The other night, I was at a local coffee shop searching for a new environment in hopes of replenishing my focus and work ethic (Grand aspirations, huh?). Sitting in the shop, with my laptop out and a cup of coffee not far from my hand, I mused on the interactions that coffee shops facilitate. Why has such a simple thing, a shop where you can buy coffee, become an international symbol of productivity? Coffeehouses have historical roots as social gathering points, not too dissimilar to that of bars or taverns, yet now we associate that atmosphere of coffee shops with MacBooks and earbuds, rather than just places to gather with friends. What’s caused this change in dynamics and are there any remnants of the social gathering places that these shops once were?

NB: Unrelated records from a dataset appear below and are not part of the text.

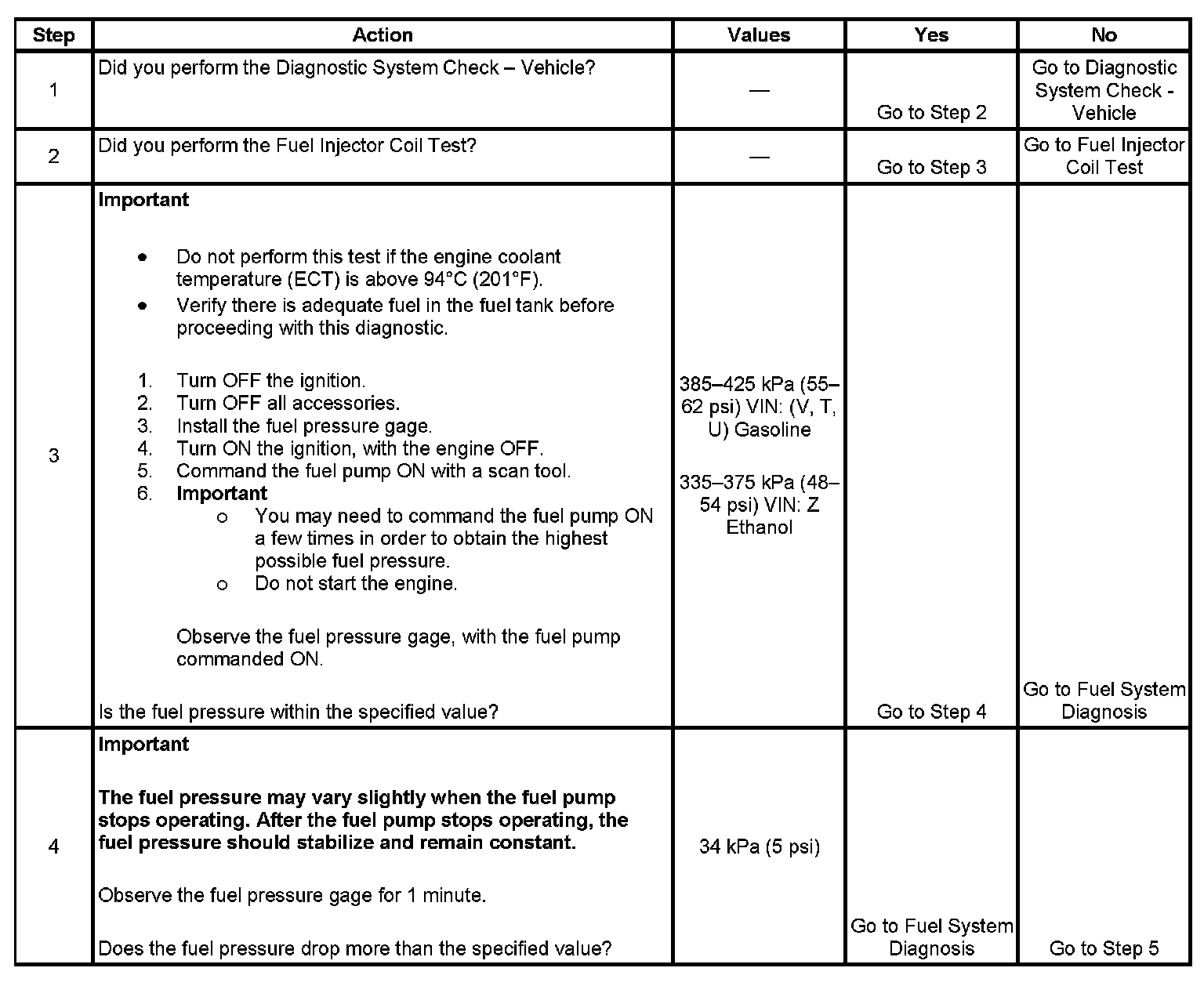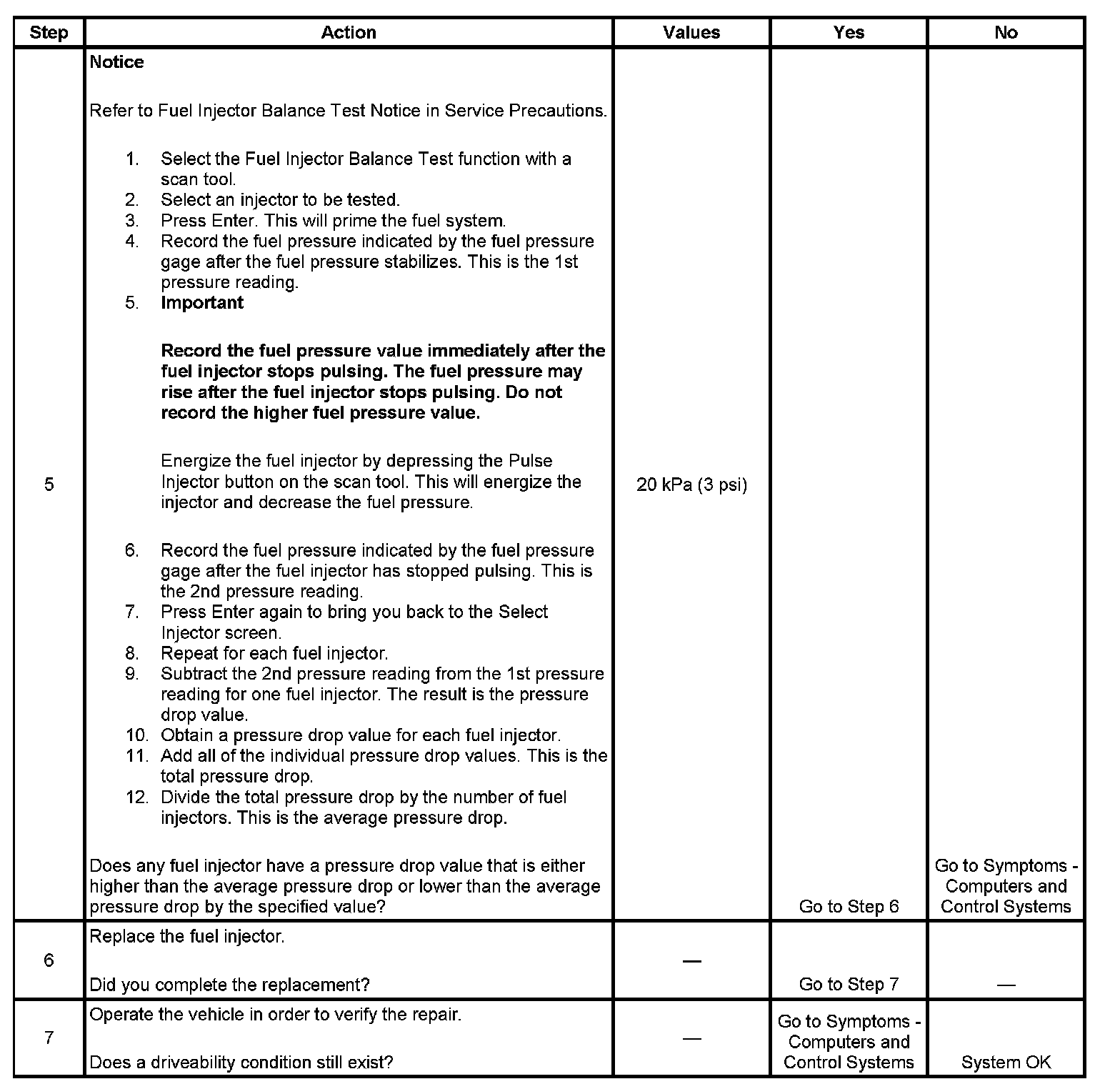 5. If the pressure drop value for each fuel injector is within 10 kPa (1.5 psi) of the average pressure drop value, the fuel injectors are flowing properly. Calculate the pressure drop value for each fuel injector by subtracting the second pressure reading from the first pressure reading.
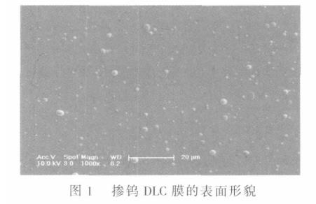 (1)摻鎢DLC膜光滑致密,具有典型的DLC膜Raman譜特征,為非晶碳膜上彌散分布著納米碳化鎢的復相結構;DLC膜的缺陷主要由過渡層制備時陰極電弧的噴射產生。
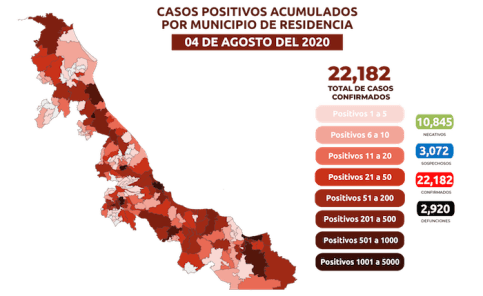 Al momento las ciudades de Veracruz, Coatzacoalcos, Córdoba, Xalapa, Poza Rica y Orizaba concentran el mayor número de casos positivos, por lo que sus habitantes deben estar conscientes de la situación y reforzar aún más las medidas preventivas.
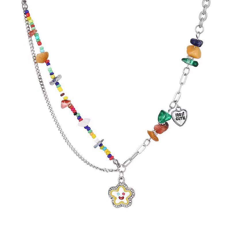 奥特莱斯品牌折扣店撤柜清仓捡漏彩色串珠笑脸项链锁骨链女配饰潮
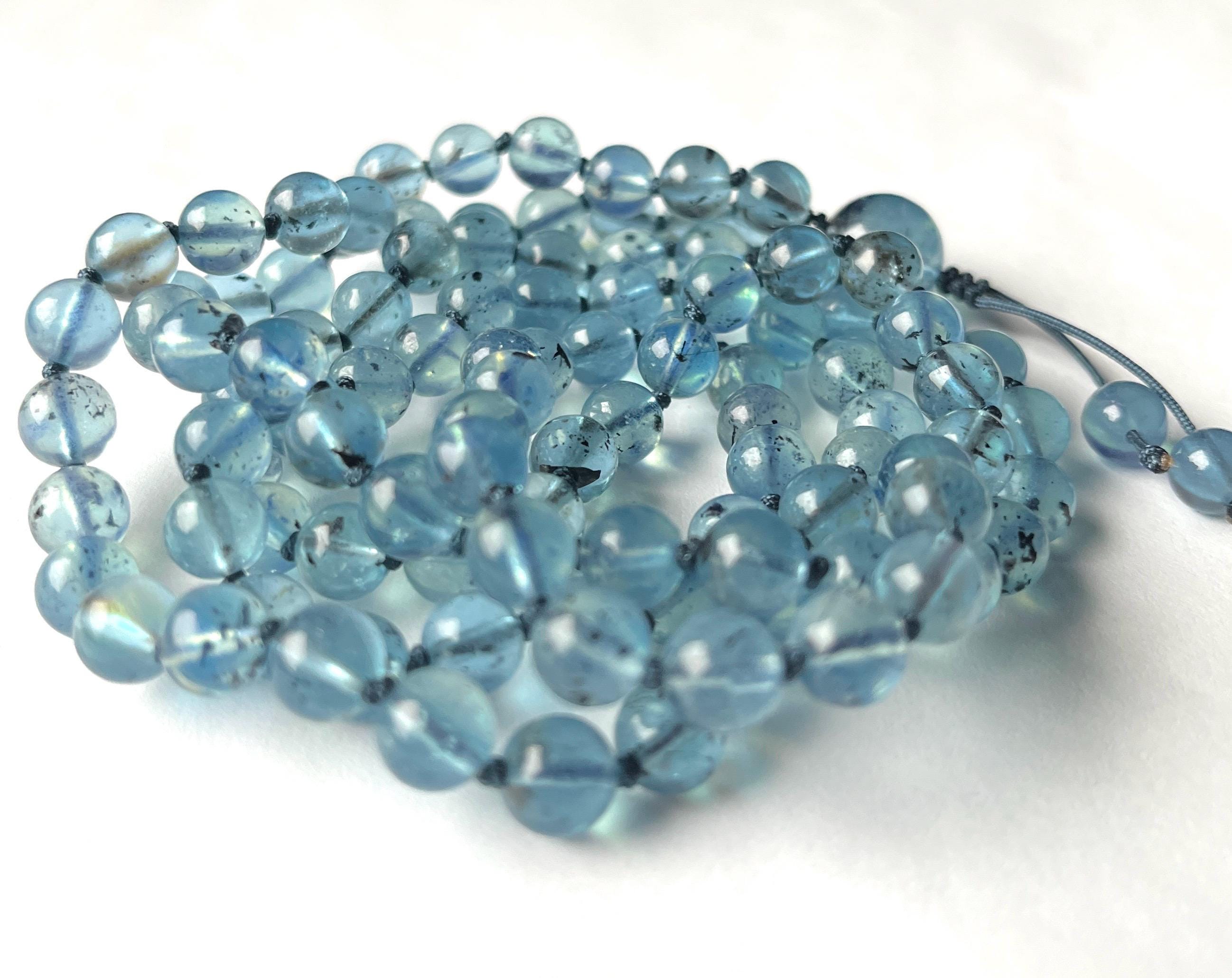 Please be gentle with your mala. Bathing, swimming, or partaking in any vigorous activity may lead to a breakage or damage of your mala. please keep in mind that frequent over stretching will weaken the thread overtime and may damage your mala.
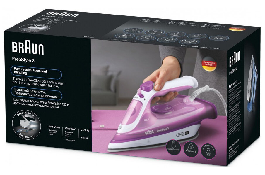Утюг BRAUN FreeStyle3 12730020-FI3124PU (Цвет: Фиолетовый; Подошва: FreeGlide 3D)
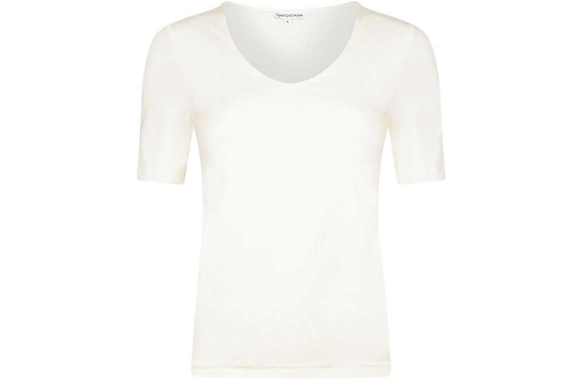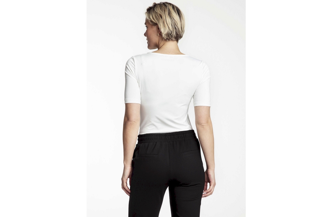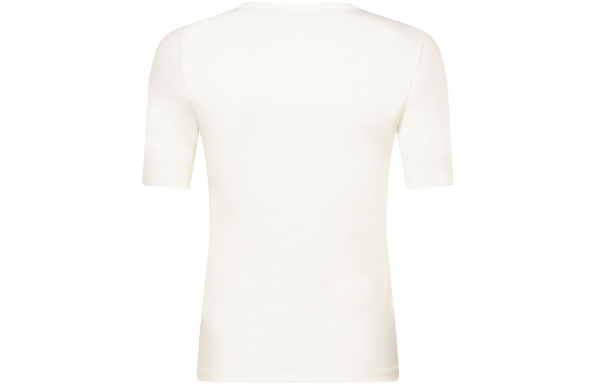 Tramontana top Paula. Dit aangesloten model is voorzien van een ronde hals en heeft korte mouwen. Dit off-white shirt van Tramontana is uitgevoerd in een zachte elastische kwaliteit en is een fijn basis item!

Coffee shops, traditionally, are identified as third places in the field of Sociology. The concept of third places was coined by sociologist Ray Oldenburg to identify areas that don’t fall under the two major social environments that people encounter most often: home and work. This third type of social space is characterized as being socially neutral, and highly accessible, allowing for more diverse social interaction at different socioeconomic levels and through various means. Examples of these places might be, apart from a coffee shop, a store, a community center, library, or even a street or sidewalk. The essential aspect is the diversity of interaction they enable because of their neutrally and accessibility by all social classes and groups.

A 2013 research study by Woldoff Lozzi and Dilks yielded that the portrayal of coffee shops as third places is still valid, but that new elements have initiated a slow change in the social dynamics of these places. Coffeehouses are beginning to become private zones to work instead of purely neutral spaces for socialization (referring to socialization on a macro scale, not merely the intentional socialization sometimes denoted by this term). This new aspect is undeniably apparent when contrasted with other types of third places such as churches, clubs, and parks. However, the question that follows is what caused this transition? The most obvious answer would be that a new social group (such as those who merely want low rent pseudo-offices to work in) has overtaken the previously unfocused group that third places are characteristic of; however, I would suggest that instead, this new social group emerged from the previous. The norms of the former group are still assumed and add to the usefulness of coffee shops as work spaces. The achieved effect is an environment that can be perceived as being socially responsive, despite the clear social isolation of the persons in the environment. Lozzi and Dilks evidently classify these new areas as Multifunctional Spaces.

Coffeehouses clearly maintain duality in social nature, the question is, will the social responsiveness of these environments disappear? Or remain, despite the social isolation that members increasingly participate in as coffee shops become less recreational and more work-centric?